尹流風笑容極其自信,配上他的容顏,一不小心,就能使人深陷其中,不能自拔。
尹川河還是一臉擔憂的模樣,他凝聲道:“流風,你現在出息了,可那洛星辰,比你更出息,當初我們可是狠狠地打過他們的臉,為父很擔心,他們來秋后算賬啊!”
尹流風慢悠悠地照著鏡子,一副很是自戀的模樣,嘴角一撇:“呵……爹,他自身難保了,哪還有空管這些,他要是想找我們的麻煩,早就來了,你可真是想太多了。”
尹川河喉嚨堵住,真是說不出話了,他憋了很久,才帶著憂慮,又道:“流風,你走吧,離開天云城,免得洛神府與諸強大戰,你被牽連到了。”
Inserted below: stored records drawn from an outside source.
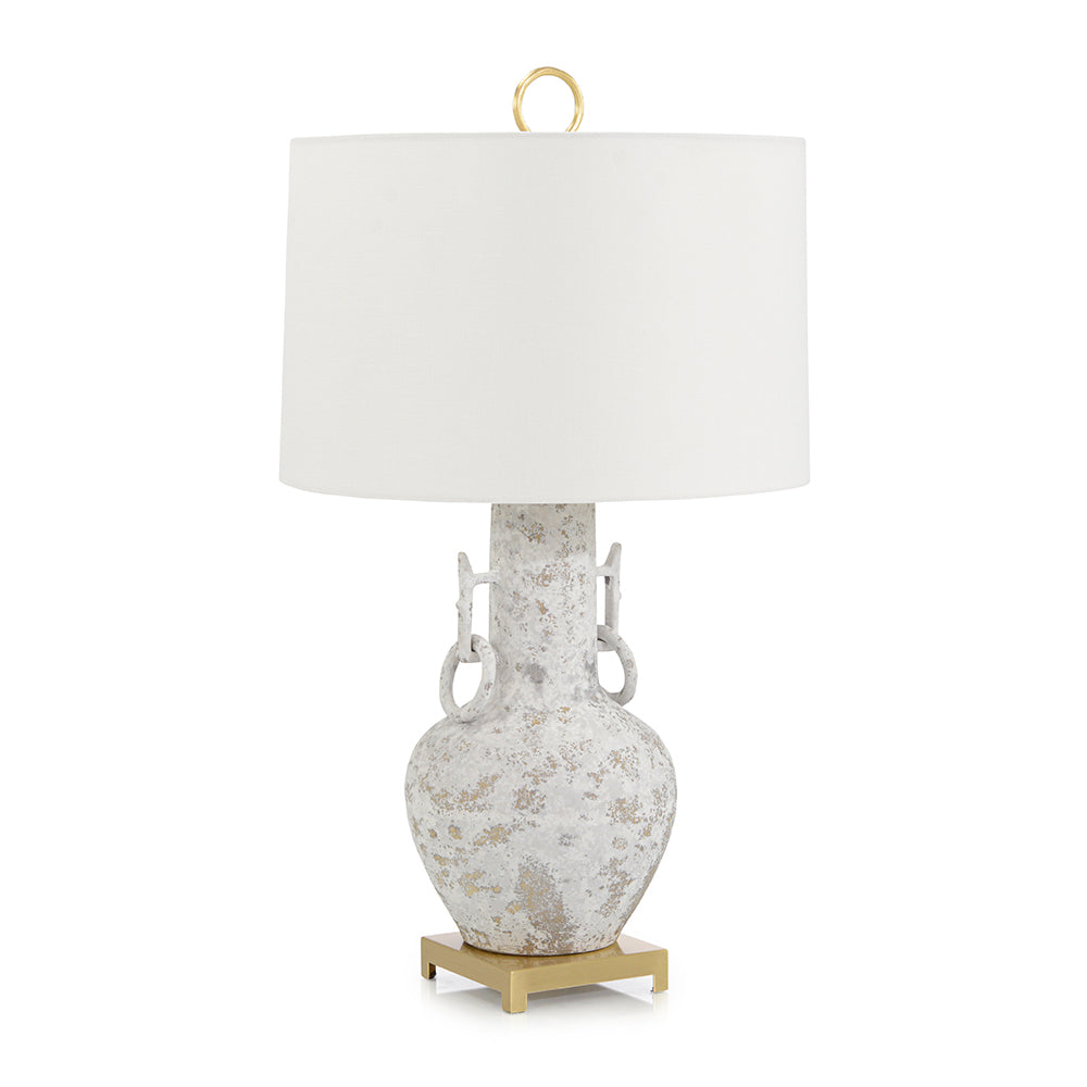The Whispering Mists Table Lamp showcases a unique retro look that is greatly elevated through rich, opulent tones. Featuring a porcelain body with a vase-like shape, the piece displays gorgeous curves and a misty white hue with an aged look. This lamp is held aloft with a square metal base in a Brushed Brass finish that is matched by a ringed finial at the top to complete the look.
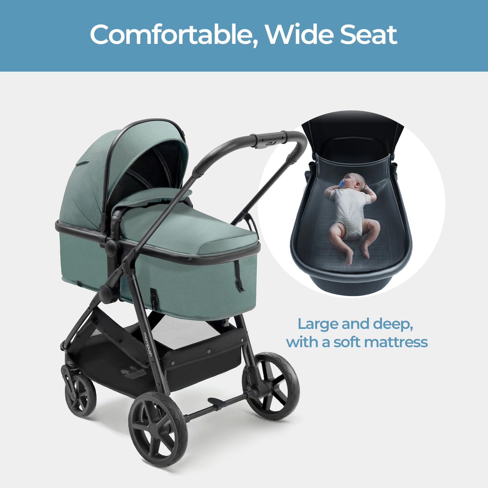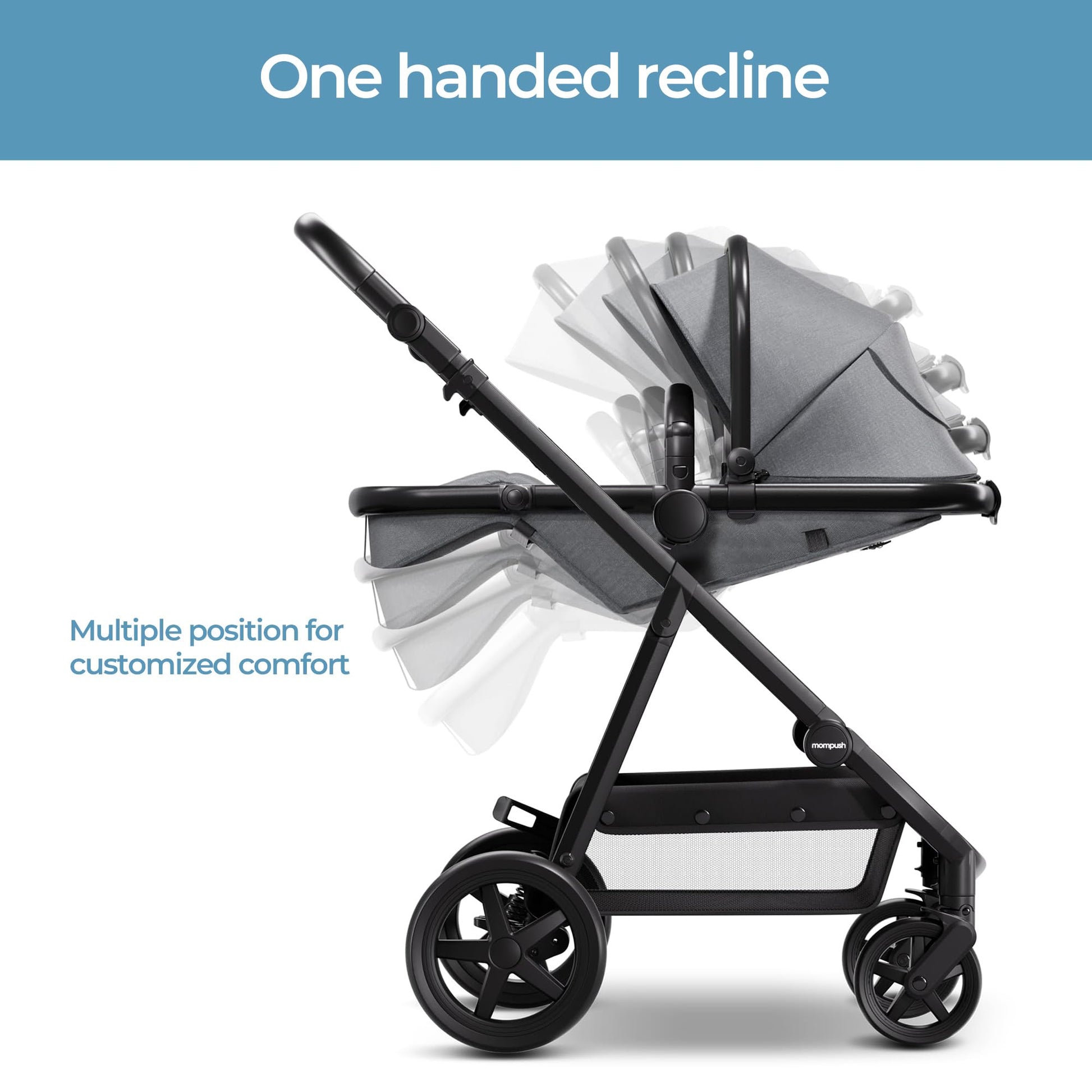 - Room to Grow: Use from birth (Compatible with Maxi-Cosi and Nuna car seats, car seat adapter SOLD SEPARATELY). Get an infant stroller that transforms to match the sprouting of their little limbs. This Mompush stroller provides a secure ride throughout early development. You can go from stroller to bassinet in minutes, with full recline for a comfy newborn ride
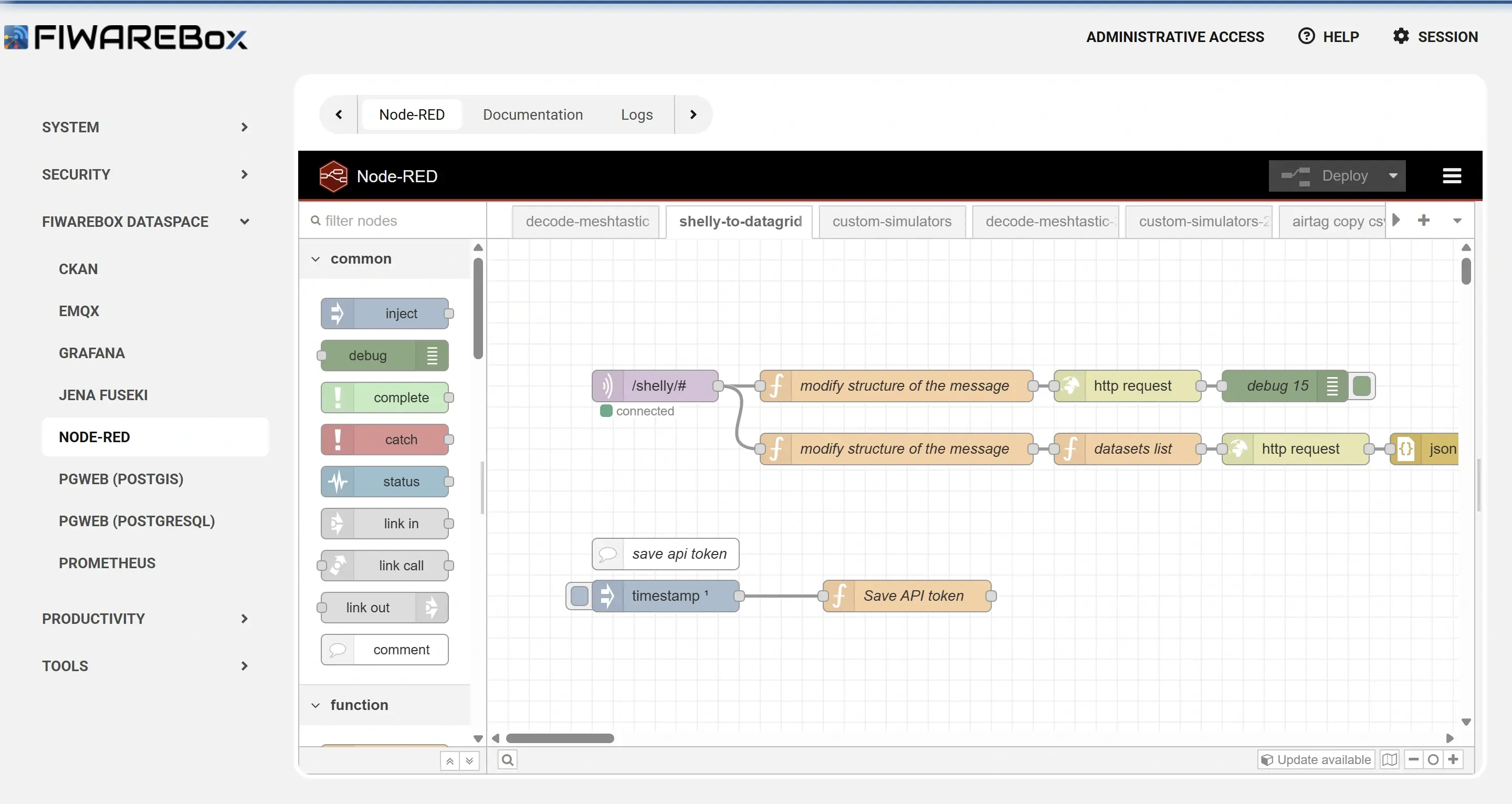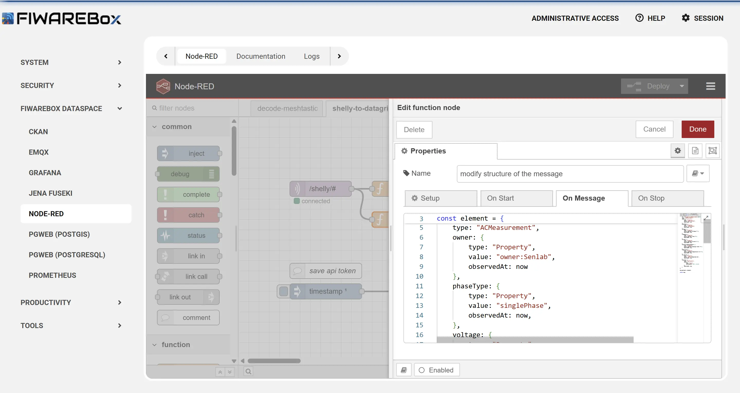 We implemented the integration inside Node-RED, which is part of our FIWAREBox environments.
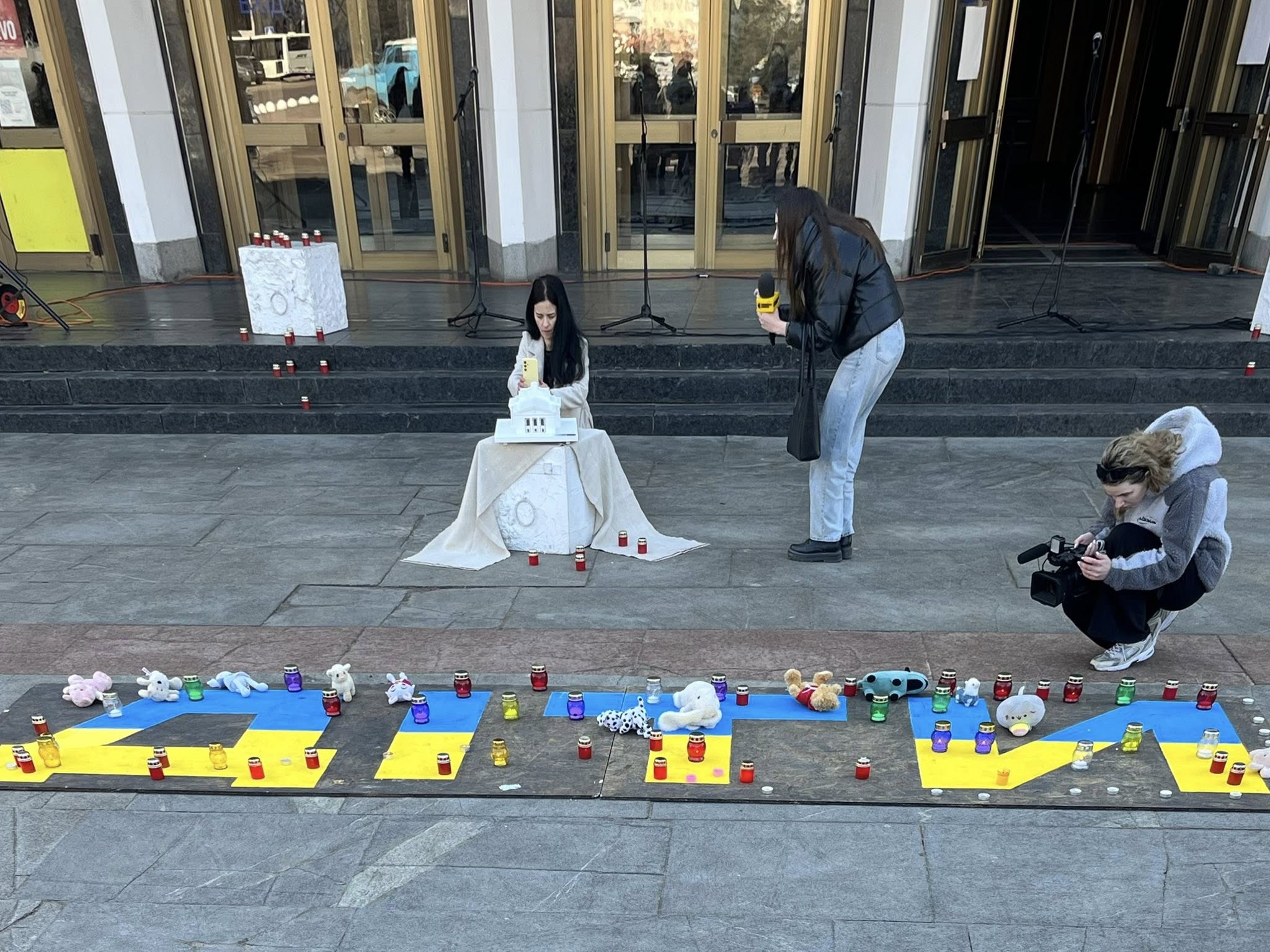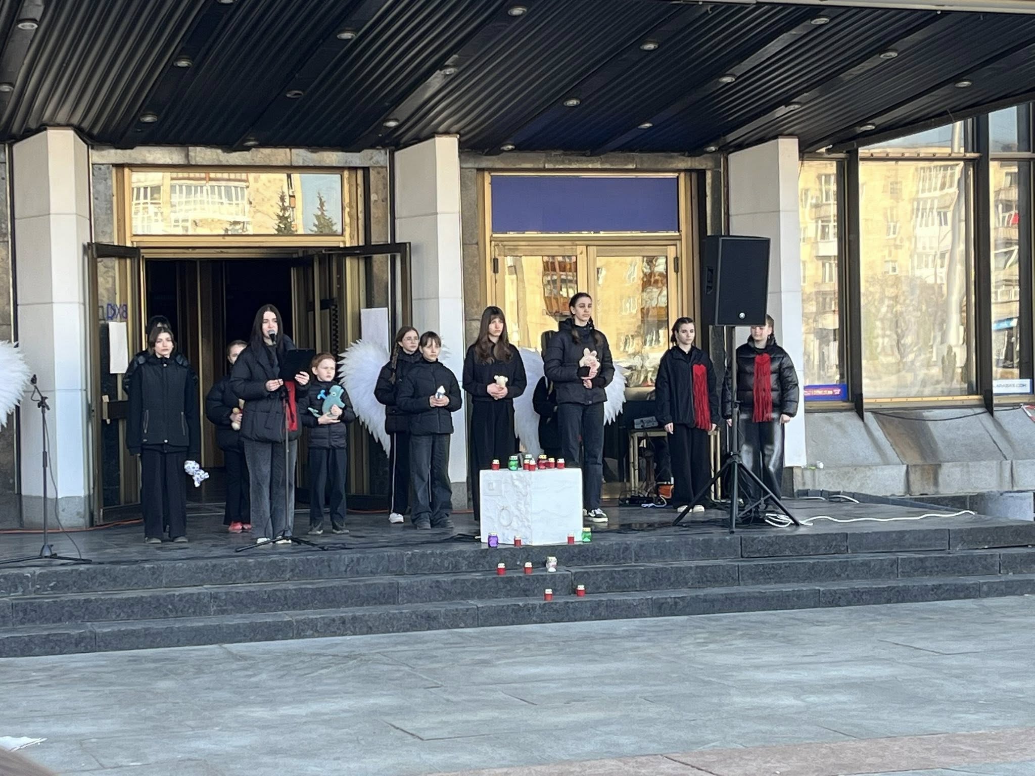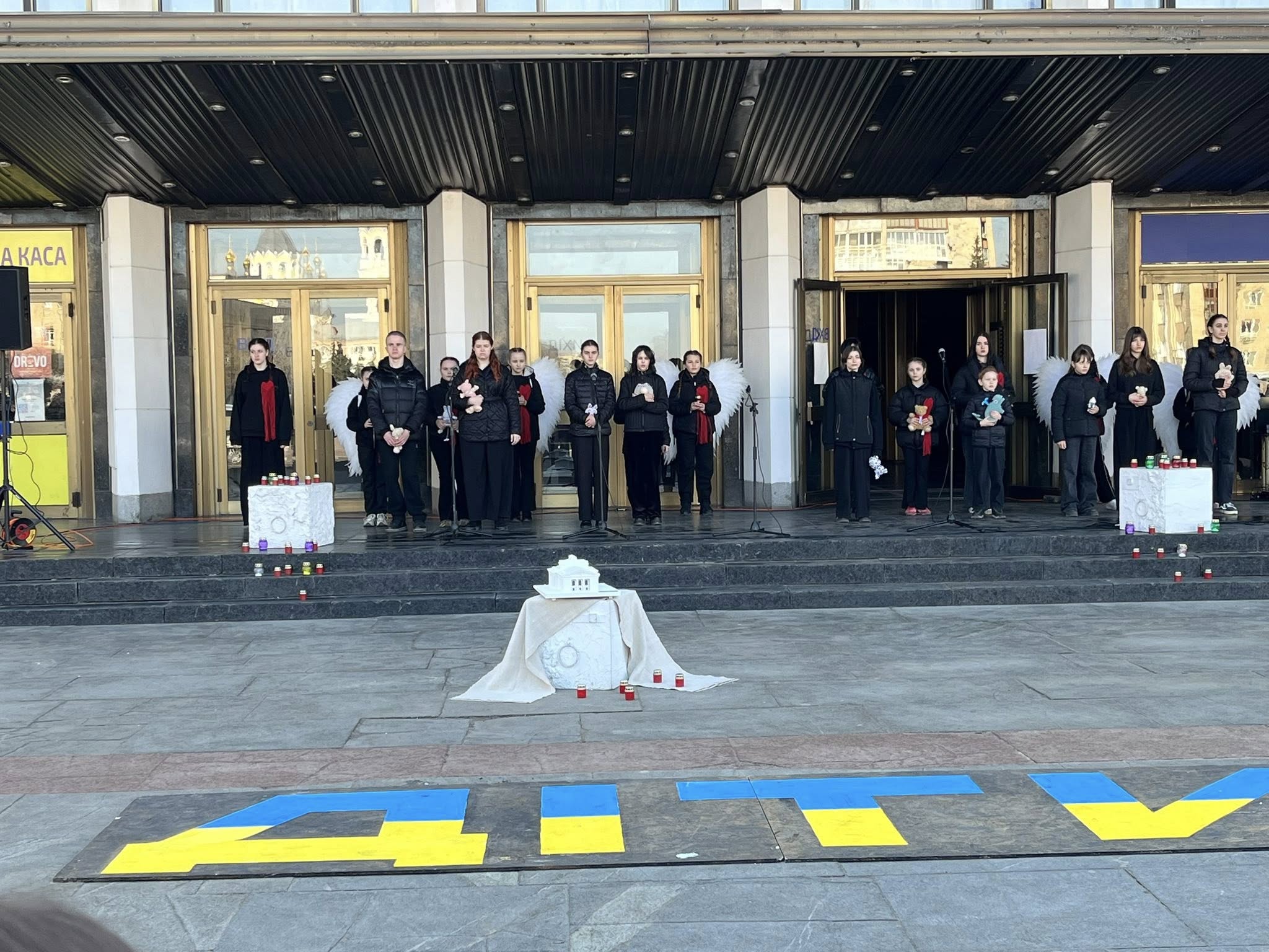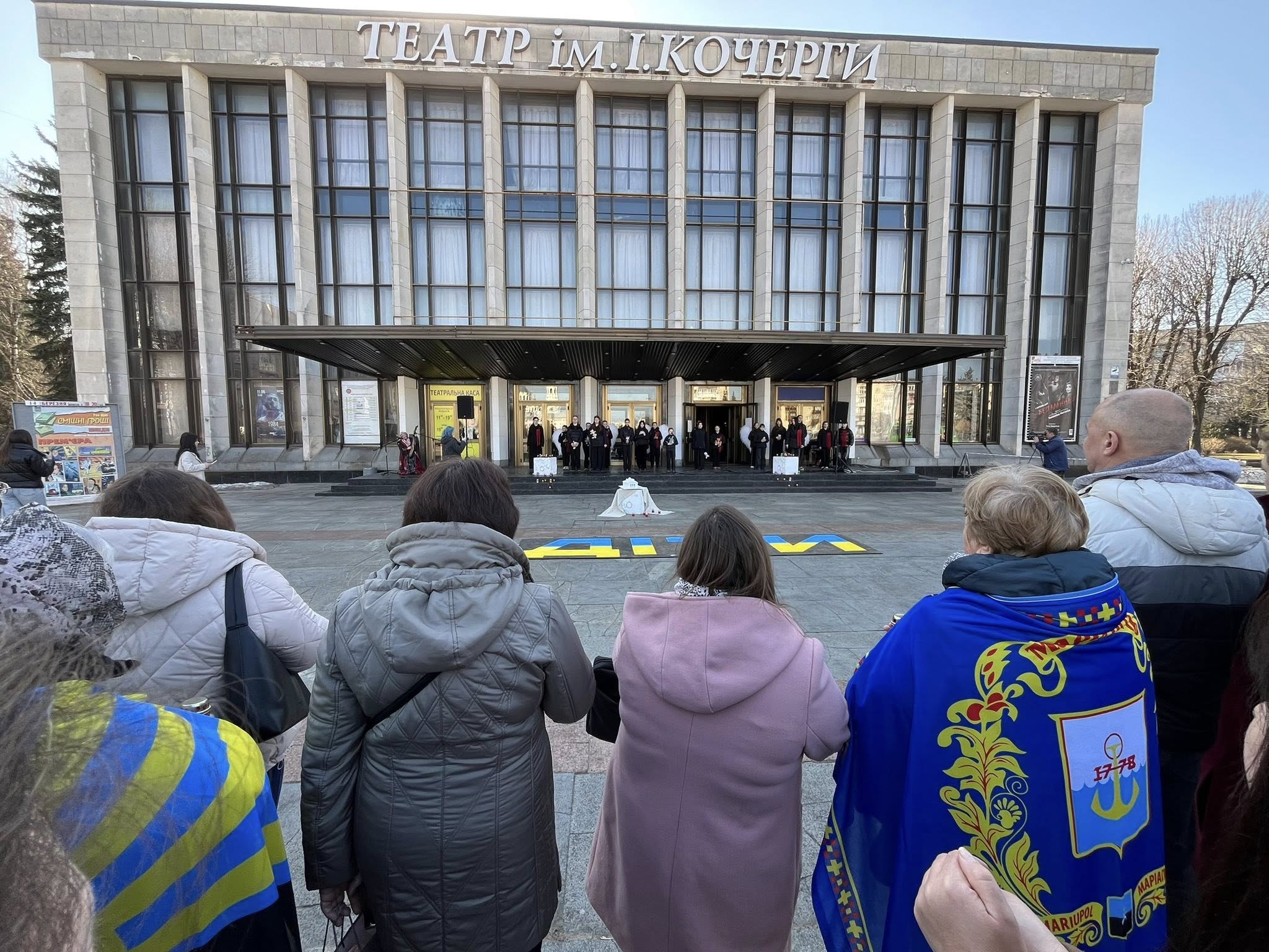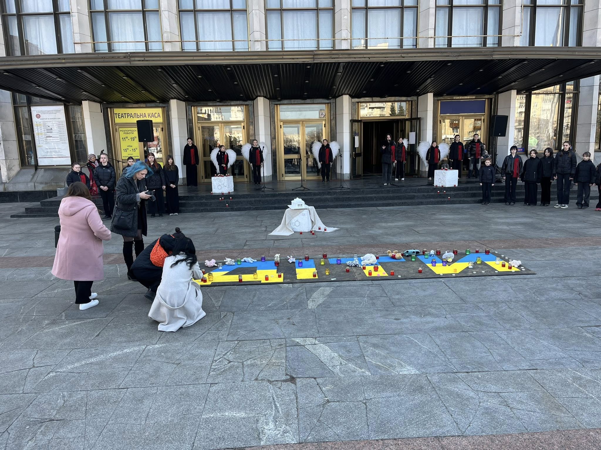 Під час заходу на площі перед театром учасники відтворили напис «ДІТИ» – знак, який у березні 2022 року був нанесений перед будівлею Маріупольського драмтеатру, де від обстрілів ховалися сотні мирних людей.

尹流風背手而立,淡漠道:“哼,我想走就走,不想走,天王老子也叫不動我!”
“你……”尹川河撓撓頭,當即詫異地望著尹流風,感覺此刻,這種傲視天地的性子,太陌生了,這還是他的兒子嗎?
他,有些看不透了。
……
洛神府,洛南山正憂心忡忡地,嚴肅觀望著身前的數十位洛神府男兒,望著他們擺下的陣法,連連搖頭。
“唉……”洛南山嘆息著,瞬間蒼老了幾歲。
他能不擔憂嗎?
而今的局勢,已經非比尋常了,上一次,進攻洛神府的,是三大勢力,而這一次,幾乎蒼風大陸一大半的勢力,都參與了,洛神府,已經成了天下公敵!
真是福無雙至,禍不單行,一波未平,一波又起!
然而,在他身后,卻是傳來了一陣平穩的腳步聲,一位清朗的聲音喊道:“伯父,何必嘆氣?”
洛南山聞聲回頭,望著俊逸非凡的洛星辰,此刻已從懵懂少年,蛻變成了可以獨當一面的男兒。
他的臉上既有欣慰,又有擔憂。
他低聲道:“少主,您真的有把握,對付這么多的強敵?這可是幾萬人呀……”
洛南山的聲音,都因為太過震撼,有些顫抖。
“幾萬人,幾乎可以把千百個洛神府夷為平地了!”洛南山真是憂患得失,想了很多。
洛星辰淡然一笑:“別說幾千個,一個洛神府,就夠他受的了!”
“呼……”凝視著深度自信的洛星辰,洛南山的神色,終于是被打動了。
他的心中,逐漸升起一絲希望。
“少主,您有什么辦法?”
洛星辰伸出一根手指,堅毅的臉龐上,露出輕松的笑意:“勝利,不止取決于人數,我只需要一張底牌,就能夠,擺平一切!”
嗡……
洛南山張大了嘴巴,表情滑稽地呆愣在原地,像塊頑石,一動不動……
這方,大戰醞釀著,還未掀起,天下四州,都各自,發生了一些變故!
且說雷州,丹陣宗——
“咳咳……噗……”
一位病怏怏的中年男子,形容憔悴,在一番劇烈地咳嗽之后,旋即,他的口中,噴出一團鮮血!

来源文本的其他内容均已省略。